We see that the p < 0.05, but just barely, so we say the data is not compatible with the null hypothesis b0 = 0.

If we wanted to do model selection, we could use the AIC:

aic(sol)
#> [1] 243.3954
aic(sol2)
#> [1] 245.4328

By the AIC measure, since the full model has an AIC less than the null model, we would choose the full model.

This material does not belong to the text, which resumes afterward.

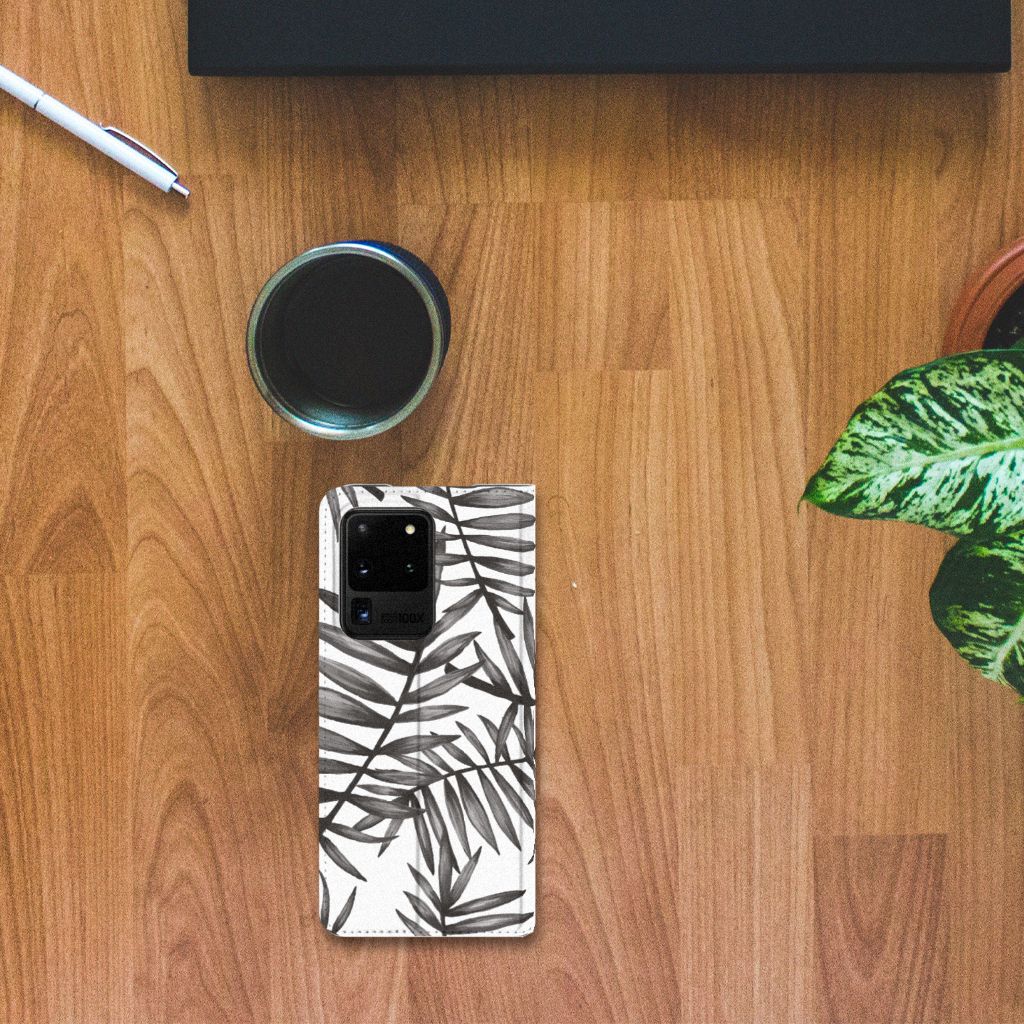 Ben je op zoek naar een uniek telefoonhoesje voor je Samsung Galaxy S20 Ultra? Dan ben je bij B2C Telecom aan het juiste adres! Speciaal voor jou hebben we dit prachtige Leaves Grey design in onze collectie hoesjes opgenomen. Het design wordt bedrukt op een Smart Cover en heeft een vakje aan de binnenkant voor een pasje. Het fijne aan dit hoesje is dat je het als standaard neer kunt zetten. Hierdoor geniet je nog meer als je een filmpje aan het kijken bent op je telefoon. Het hoesje wordt afgesloten door magneten aan de binnenkant. Wil je dit design hoesje nog iets extra's geven? Voeg dan gratis je naam of een quote toe! Is dit design hoesje toch niet helemaal wat je zocht? Ontwerp dan zelf een hoesje in ons ontwerpprogramma.

We actually know the DGP and both models are reasonable approximations, but the full model is a closer approximation.

“All models are wrong, but some are useful.” - George Box

Eventually, if we have a sufficiently large sample, any model that is not the DGP can be discarded, but reality is so complex that we will never have a large enough sample and we will never be able to come up with a model that is exactly the DGP.

Let’s do another test, b1 = 0, i.e., it’s an unconditional exponential model, or just a standard exponential distribution.

rate_b1_zero <- function(df, b0) exp(b0)
# fit the model under the null hypothesis
sol3 <- mle_numerical(optim(par = 0,
    fn = loglik(df, resp, rate_b1_zero),
    control = list(fnscale = -1),
    hessian = TRUE,
    method = "BFGS"))
(lrt.sol3 <- -2 * (loglik_val(sol2) - loglik_val(sol)))
#> [1] 4.037435
pchisq(lrt.sol3, df = 1, lower.tail = FALSE) # compute the p-value
#> [1] 0.04450142

This has a p-value of essentially zero, so we reject the null hypothesis that b1 = 0.

Let’s compare the confidence intervals for each of these models.

CI <- confint(sol)
# print the confidence interval
print(CI)
#>          2.5%       97.5%
#> b0 -0.4542147 0.003489406
#> b1  0.4140362 0.498142415

We see that the 95% confidence interval for b0 does not include zero, so we reject the null hypothesis that b0 = 0. The 95% confidence interval for b1 does not include zero, so we reject the null hypothesis that b1 = 0.

You can see tutorials for more examples of using the package in the vignettes.